The final concert on the Currents series in March is a concert curated by IranianAmerican composer Gity Razaz of music honoring the mystical beauty of Persian culture and the power of women to shape history both past and present.

Each of our Family Concert Series also features works by living composers, starting in November with Jessie Montgomery’s Because, A Symphony of Serendipity, which brings to life Mo Williems' award-winning children’s book, Because, and Arturo Márquez’s Conga del Fuego which is a fiery adventure that uses conga rhythms in an expression of joy.
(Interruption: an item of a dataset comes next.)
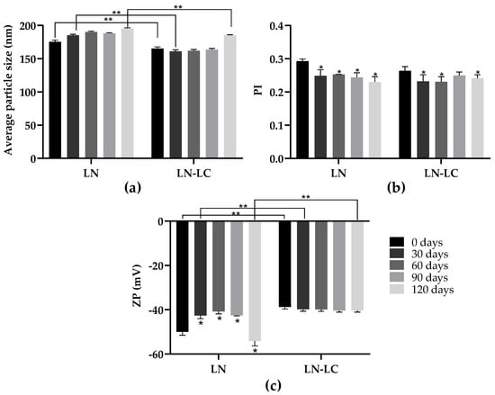 Synthesized LN were evaluated with respect to their average particle size (nm), PI, and ZP (mV), which are essential physicochemical parameters that are necessary in order to obtain information concerning the appearance, consistency, and stability of colloidal systems [31]. The measurements of unloaded and loaded LN (LN–LC) were performed immediately after production and 30, 60, and 120 days of storage in the dark, at 25 °C (Figure 1).

The February Family Concert tells the story of friendship through Pulitzer Prize-winning composer Caroline Shaw’s musical adaptation of The Mountain that Loved a Bird by Alice McLerran. In April, the Family Concert features Mason Bates' Philharmonia Fantastique, an animated film that follows a magical Sprite exploring the fundamental connections between music, sound, performance, creativity and technology.